Start of Block

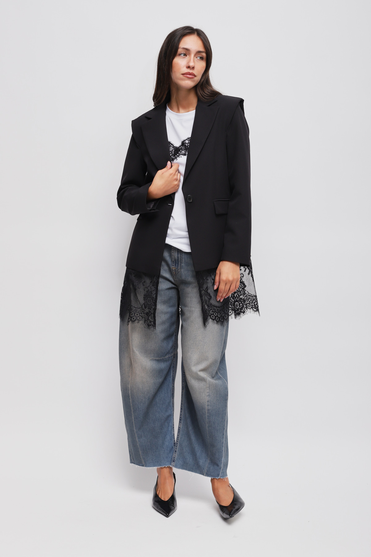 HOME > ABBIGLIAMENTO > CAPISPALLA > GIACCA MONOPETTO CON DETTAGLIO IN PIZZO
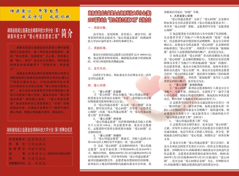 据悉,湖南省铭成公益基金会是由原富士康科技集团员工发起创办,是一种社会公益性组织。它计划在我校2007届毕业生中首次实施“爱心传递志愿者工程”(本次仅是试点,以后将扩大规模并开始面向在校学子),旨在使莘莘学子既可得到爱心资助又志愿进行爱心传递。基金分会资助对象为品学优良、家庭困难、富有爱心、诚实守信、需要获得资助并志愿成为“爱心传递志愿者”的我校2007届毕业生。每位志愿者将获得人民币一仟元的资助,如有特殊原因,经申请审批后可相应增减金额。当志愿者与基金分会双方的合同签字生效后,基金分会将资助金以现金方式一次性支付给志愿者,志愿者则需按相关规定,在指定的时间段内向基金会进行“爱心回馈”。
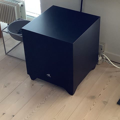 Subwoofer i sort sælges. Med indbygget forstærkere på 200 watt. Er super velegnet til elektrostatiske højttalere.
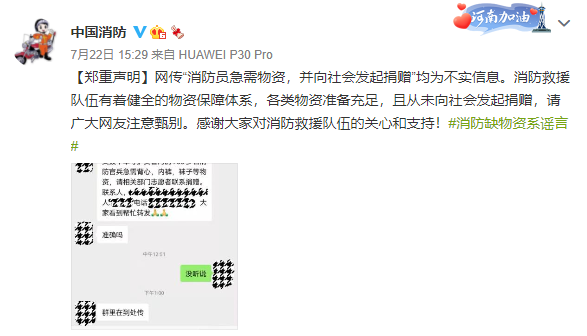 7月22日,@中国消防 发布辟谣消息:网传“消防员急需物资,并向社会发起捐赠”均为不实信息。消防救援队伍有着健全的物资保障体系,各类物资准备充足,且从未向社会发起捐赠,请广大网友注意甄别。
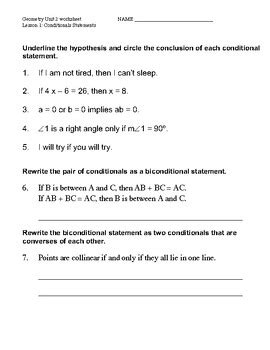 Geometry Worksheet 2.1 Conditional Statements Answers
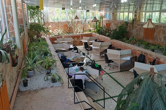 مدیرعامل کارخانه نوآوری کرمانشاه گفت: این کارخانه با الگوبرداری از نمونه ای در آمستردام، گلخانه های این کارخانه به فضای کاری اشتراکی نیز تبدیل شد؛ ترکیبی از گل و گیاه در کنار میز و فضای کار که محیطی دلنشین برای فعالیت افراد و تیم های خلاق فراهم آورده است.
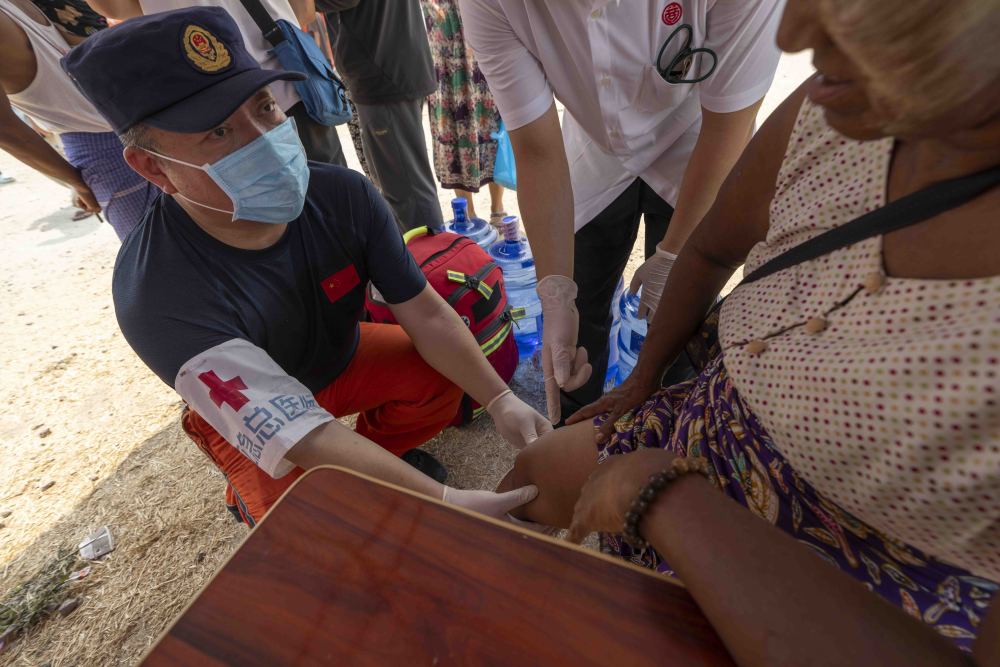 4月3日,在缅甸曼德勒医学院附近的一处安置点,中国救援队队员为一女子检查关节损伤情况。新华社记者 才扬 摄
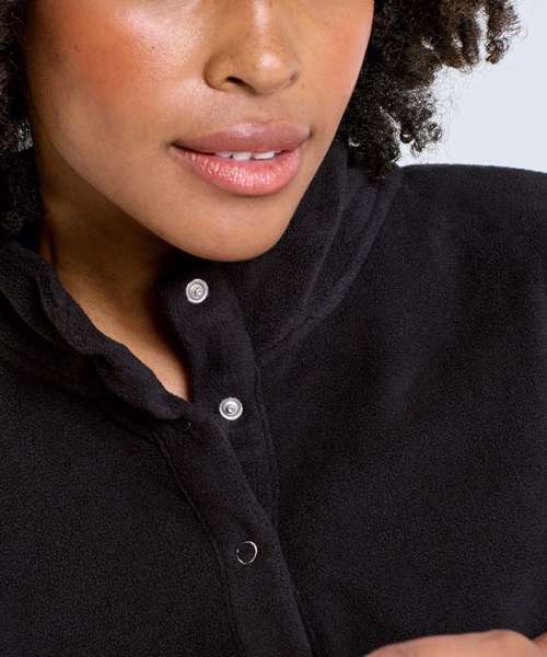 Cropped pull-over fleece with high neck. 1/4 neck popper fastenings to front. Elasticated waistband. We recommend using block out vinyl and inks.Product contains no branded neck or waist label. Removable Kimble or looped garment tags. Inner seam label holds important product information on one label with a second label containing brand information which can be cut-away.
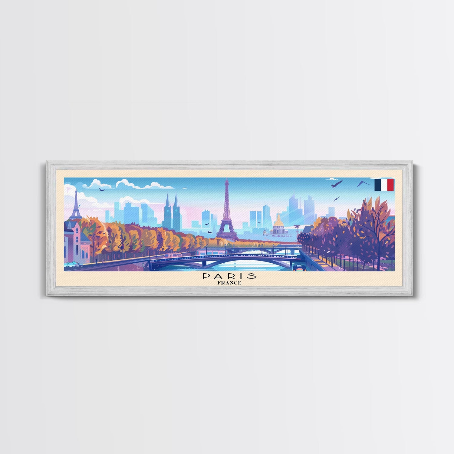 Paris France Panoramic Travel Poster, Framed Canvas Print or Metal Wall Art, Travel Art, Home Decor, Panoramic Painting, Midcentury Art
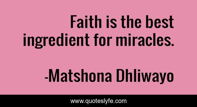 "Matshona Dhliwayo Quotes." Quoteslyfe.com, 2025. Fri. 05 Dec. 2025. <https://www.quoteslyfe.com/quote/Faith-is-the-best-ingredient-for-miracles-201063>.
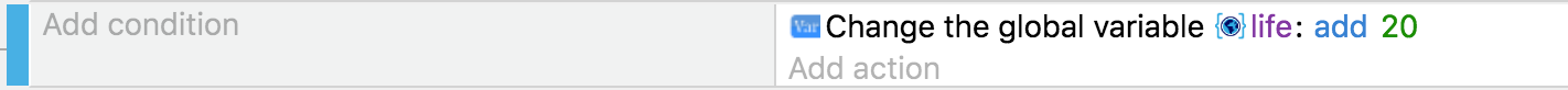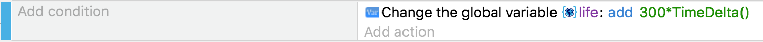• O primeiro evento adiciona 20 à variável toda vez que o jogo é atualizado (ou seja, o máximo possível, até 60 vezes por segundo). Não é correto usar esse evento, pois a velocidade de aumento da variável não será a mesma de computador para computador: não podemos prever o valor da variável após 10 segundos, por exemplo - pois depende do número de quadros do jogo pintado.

End of Block
Start of Block

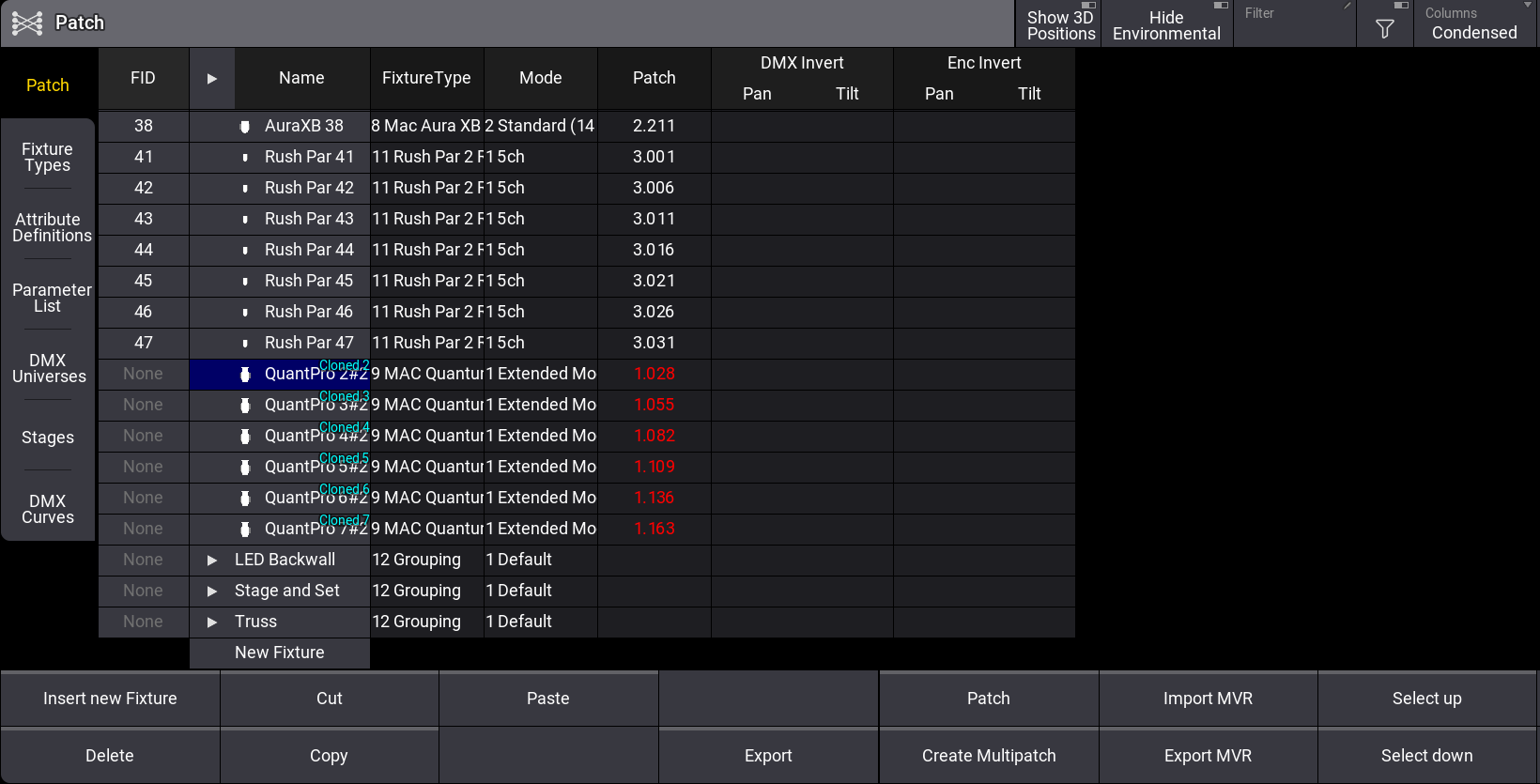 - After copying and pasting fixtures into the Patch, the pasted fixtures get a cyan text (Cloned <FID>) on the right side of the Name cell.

End of Block
Start of Block

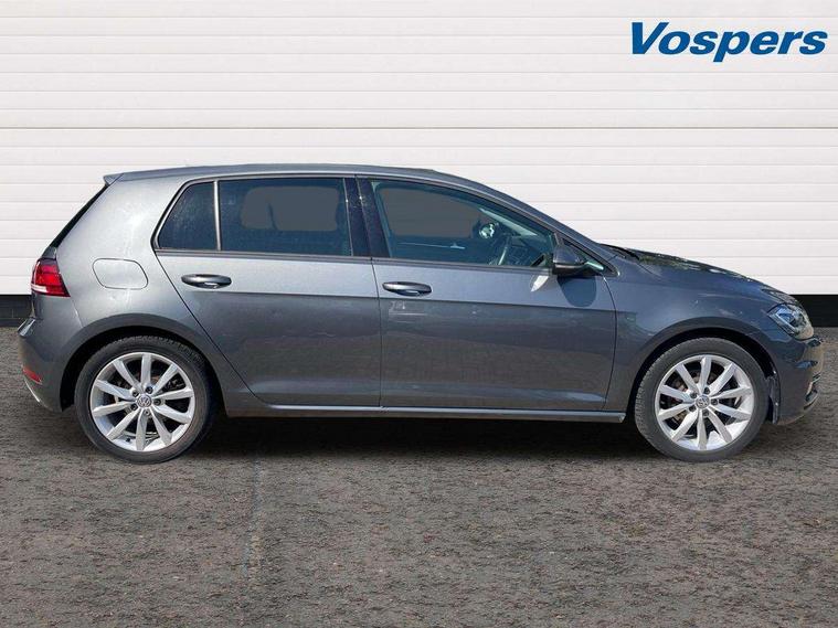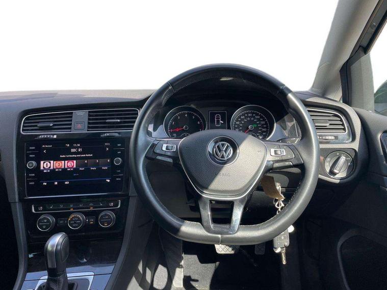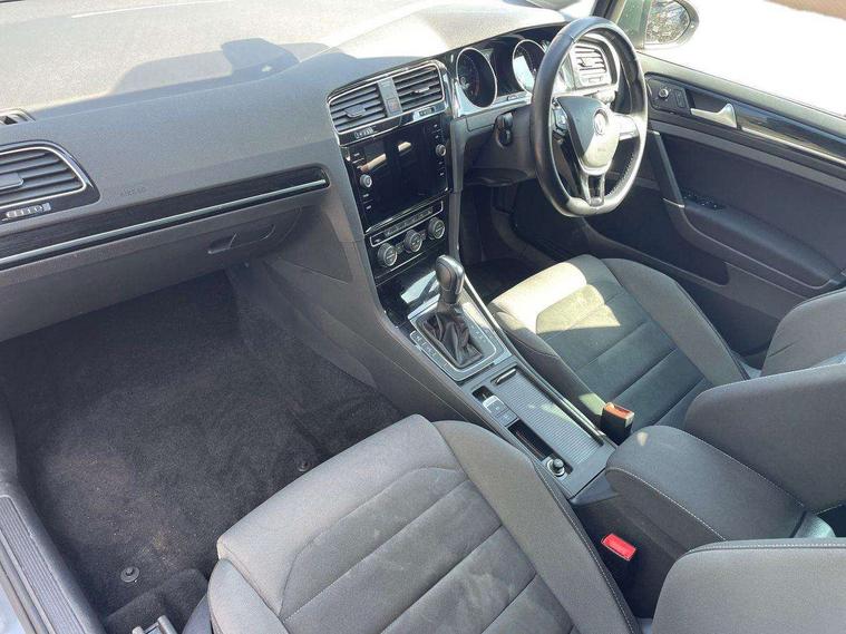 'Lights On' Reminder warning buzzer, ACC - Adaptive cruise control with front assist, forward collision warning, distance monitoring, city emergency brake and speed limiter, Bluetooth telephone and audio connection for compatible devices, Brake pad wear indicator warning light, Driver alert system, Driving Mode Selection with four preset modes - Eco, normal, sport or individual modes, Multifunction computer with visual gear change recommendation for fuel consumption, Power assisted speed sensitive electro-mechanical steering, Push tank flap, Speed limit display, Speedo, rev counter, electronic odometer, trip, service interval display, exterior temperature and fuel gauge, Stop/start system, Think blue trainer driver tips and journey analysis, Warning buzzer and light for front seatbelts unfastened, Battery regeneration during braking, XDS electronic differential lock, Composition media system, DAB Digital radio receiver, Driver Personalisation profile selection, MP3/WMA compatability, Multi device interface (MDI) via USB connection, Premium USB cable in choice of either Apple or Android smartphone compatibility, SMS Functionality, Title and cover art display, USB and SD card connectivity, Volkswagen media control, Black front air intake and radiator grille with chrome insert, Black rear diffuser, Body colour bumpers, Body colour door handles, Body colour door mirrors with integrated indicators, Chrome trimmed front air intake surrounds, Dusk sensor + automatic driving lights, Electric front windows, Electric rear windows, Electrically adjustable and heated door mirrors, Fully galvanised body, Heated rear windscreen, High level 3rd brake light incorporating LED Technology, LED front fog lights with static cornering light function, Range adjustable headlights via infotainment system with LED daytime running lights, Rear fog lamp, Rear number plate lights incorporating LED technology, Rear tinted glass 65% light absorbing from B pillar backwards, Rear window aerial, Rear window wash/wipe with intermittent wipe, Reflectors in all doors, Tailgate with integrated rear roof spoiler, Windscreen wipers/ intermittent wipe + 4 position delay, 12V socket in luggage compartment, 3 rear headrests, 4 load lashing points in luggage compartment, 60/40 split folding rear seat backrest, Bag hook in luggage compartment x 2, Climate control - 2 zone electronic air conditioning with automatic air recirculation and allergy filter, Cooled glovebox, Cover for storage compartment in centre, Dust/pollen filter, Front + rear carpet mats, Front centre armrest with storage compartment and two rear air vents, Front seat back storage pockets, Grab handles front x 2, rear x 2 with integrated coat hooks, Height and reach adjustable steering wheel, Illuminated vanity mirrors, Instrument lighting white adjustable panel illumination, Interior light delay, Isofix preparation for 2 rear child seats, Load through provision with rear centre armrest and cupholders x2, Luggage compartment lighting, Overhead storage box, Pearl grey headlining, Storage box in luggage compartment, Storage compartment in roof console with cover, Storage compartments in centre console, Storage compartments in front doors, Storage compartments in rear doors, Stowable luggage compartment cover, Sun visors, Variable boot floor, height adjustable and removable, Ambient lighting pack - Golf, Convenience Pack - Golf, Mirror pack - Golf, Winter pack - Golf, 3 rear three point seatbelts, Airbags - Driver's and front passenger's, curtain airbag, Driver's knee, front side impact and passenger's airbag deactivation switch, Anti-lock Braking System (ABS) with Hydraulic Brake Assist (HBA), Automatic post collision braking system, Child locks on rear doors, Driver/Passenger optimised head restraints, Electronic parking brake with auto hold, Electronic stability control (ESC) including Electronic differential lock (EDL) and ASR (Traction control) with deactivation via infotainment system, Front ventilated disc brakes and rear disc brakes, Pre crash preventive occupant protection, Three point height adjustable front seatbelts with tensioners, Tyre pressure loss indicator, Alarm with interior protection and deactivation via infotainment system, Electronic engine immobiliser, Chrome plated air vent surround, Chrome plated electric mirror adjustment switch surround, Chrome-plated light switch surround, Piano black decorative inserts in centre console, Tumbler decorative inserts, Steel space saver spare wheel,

End of Block

Task to carry out »
Would you copy out, exactly and with no pictures, only the lines above from the one that contains "Subwoofer i sort" through the one that contains "4月3日,在缅甸曼德勒医学院附近的一处安置点,中国救援队队员为一女子检查关节损伤情况。新华社记者 才扬 摄"?

The completed task »
 Subwoofer i sort sælges. Med indbygget forstærkere på 200 watt. Er super velegnet til elektrostatiske højttalere.
 7月22日,@中国消防 发布辟谣消息:网传“消防员急需物资,并向社会发起捐赠”均为不实信息。消防救援队伍有着健全的物资保障体系,各类物资准备充足,且从未向社会发起捐赠,请广大网友注意甄别。
 Geometry Worksheet 2.1 Conditional Statements Answers
 مدیرعامل کارخانه نوآوری کرمانشاه گفت: این کارخانه با الگوبرداری از نمونه ای در آمستردام، گلخانه های این کارخانه به فضای کاری اشتراکی نیز تبدیل شد؛ ترکیبی از گل و گیاه در کنار میز و فضای کار که محیطی دلنشین برای فعالیت افراد و تیم های خلاق فراهم آورده است.
 4月3日,在缅甸曼德勒医学院附近的一处安置点,中国救援队队员为一女子检查关节损伤情况。新华社记者 才扬 摄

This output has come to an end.